Model	Accuracy	Brier	Log loss	AUC	PR AUC
Random forest	0.948	0.038	0.133	0.990	0.977
Extreme gradient boosting	0.935	0.048	0.185	0.985	0.966
Light gradient boosting machine	0.932	0.053	0.196	0.981	0.959
Support vector machines	0.933	0.053	0.208	0.968	0.944
Logistic regression	0.946	0.046	0.227	0.952	0.941

Open in a new tab

RF achieved the strongest performance, with an AUC of 0.989, PR‐AUC of 0.977, and the lowest Brier score (0.038). XGB and LGBM also performed strongly, with AUC values of 0.984 and 0.981, respectively. LR and SVM exhibited lower but still high temporal discrimination, with AUC values exceeding 0.950.

Although ML models produced a strong predictive performance during model benchmarking, they rely on availability of presence‐absence data. In this study, the WAHIS database provides presence‐only outbreak reports. The pseudo‐absence points generated were suitable for comparative model evaluation but are not appropriate for global risk mapping as they may introduce spatial sampling bias. However, MaxEnt is based on presence‐only modeling and incorporates background sampling, regularization, and environmental constraints. Hence, MaxEnt is more robust for producing spatial risk maps for H5N1 and was adopted as the final modeling framework for generating risk projections, while the ensemble models were used to assess covariate importance and to benchmark predictive performance.

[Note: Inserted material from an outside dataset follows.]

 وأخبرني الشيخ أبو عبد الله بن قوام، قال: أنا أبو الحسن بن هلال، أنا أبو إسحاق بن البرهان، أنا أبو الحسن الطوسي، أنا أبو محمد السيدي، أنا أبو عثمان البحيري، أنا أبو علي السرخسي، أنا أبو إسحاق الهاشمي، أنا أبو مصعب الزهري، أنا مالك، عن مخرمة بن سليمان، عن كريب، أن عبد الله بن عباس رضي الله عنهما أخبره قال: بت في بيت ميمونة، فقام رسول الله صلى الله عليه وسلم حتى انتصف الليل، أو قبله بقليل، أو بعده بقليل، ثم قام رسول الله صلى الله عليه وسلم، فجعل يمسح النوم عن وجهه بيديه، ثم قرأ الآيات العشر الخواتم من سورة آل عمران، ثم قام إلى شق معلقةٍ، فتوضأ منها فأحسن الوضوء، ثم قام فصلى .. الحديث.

3.3. Seasonal MaxEnt‐Based Risk Mapping

Seasonal MaxEnt models were used as a presence‐only framework to visualize broad‐scale spatial patterns in H5N1 outbreak suitability across the annual cycle. Model performance metrics for each season are summarized in Table 3. Across all seasons, MaxEnt models achieved high discriminatory ability, with AUC values ranging from 0.90 to 0.93, indicating that outbreak locations were consistently differentiated from background locations in environmental space.

Table 3.

Metrics for MaxEnt algorithm on presence data for different seasons.

Season	Omission rate	AUC
1 (December, January, February)	0.1235	0.9047
2 (March, April, May)	0.1510	0.9329
3 (June, July, August)	0.3435	0.9301
4 (September, October, November)	0.2653	0.9197

Open in a new tab

Season 2 (March–May) shows the highest AUC of (0.933), while Season 1 (December–February) had the lowest AUC of (0.905) as well as the lowest OR (0.123), indicating that a large proportion of outbreak locations were captured by the model during winter. The OR of Season 3 (June–August) is slightly higher (0.344) suggesting a reduced alignment between the selected environmental predictors and outbreak locations during the summer months. Seasonal differences in ORs highlight variation in how well presence‐only environmental suitability captures outbreak patterns across the year.

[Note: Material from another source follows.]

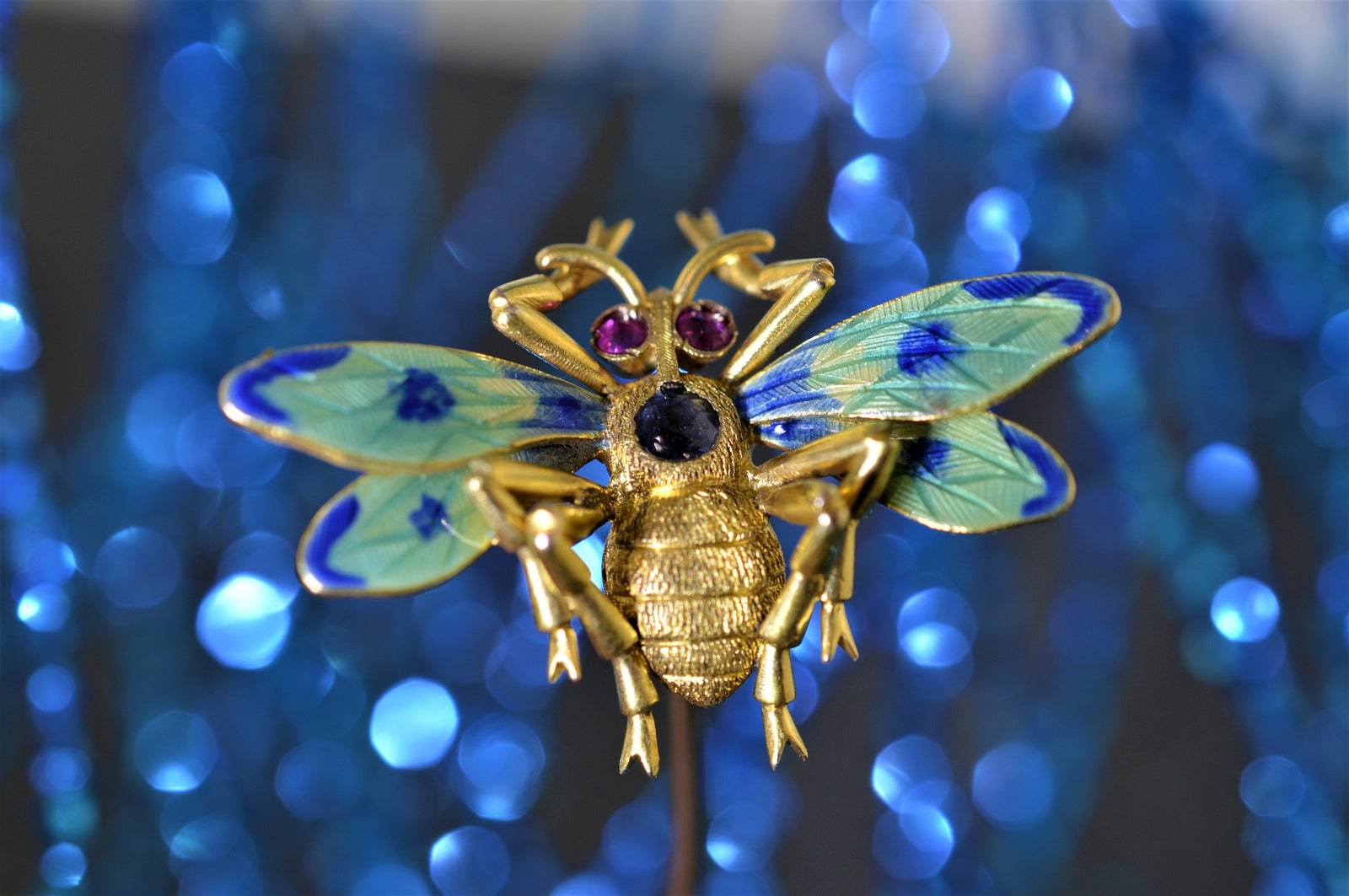 18K Yellow Gold Antique Ruby and Spinel Bee Hat Pin

ROC curves for the four seasonal models (Figure S2) exhibit similar shapes, indicating stable discrimination across seasons. OR curves (Figure S3) show the expected trade‐off between sensitivity and specificity as suitability thresholds increase, with comparatively higher omission observed in summer, consistent with the seasonal AUC results.

Partial response curves (Figure 6) illustrate how individual predictors influence predicted suitability within each seasonal model. Air temperature shows a positive association with predicted suitability across all seasons; however, this pattern likely reflects indirect associations with geographic, ecological, or anthropogenic gradients rather than a direct effect on viral survival. Livestock density variables (chicken, duck, and pig density) exhibit strong and generally monotonic associations with predicted suitability, highlighting the importance of poultry production systems in shaping outbreak risk patterns. Wild bird abundance variables show heterogeneous seasonal responses, with different bird families contributing variably across seasons. While Anseriformes, Columbiformes, and Podicipediformes display elevated suitability in some seasons, no single bird family consistently dominates across all seasonal models. Anthropogenic proxies, including population density and NTL, show positive associations with suitability in several seasons, indicating that human activity and production intensity are correlated with outbreak occurrence. Meteorological variables such as wind speed and surface pressure exhibit weaker and nonlinear responses, suggesting secondary or context‐dependent influence on suitability patterns.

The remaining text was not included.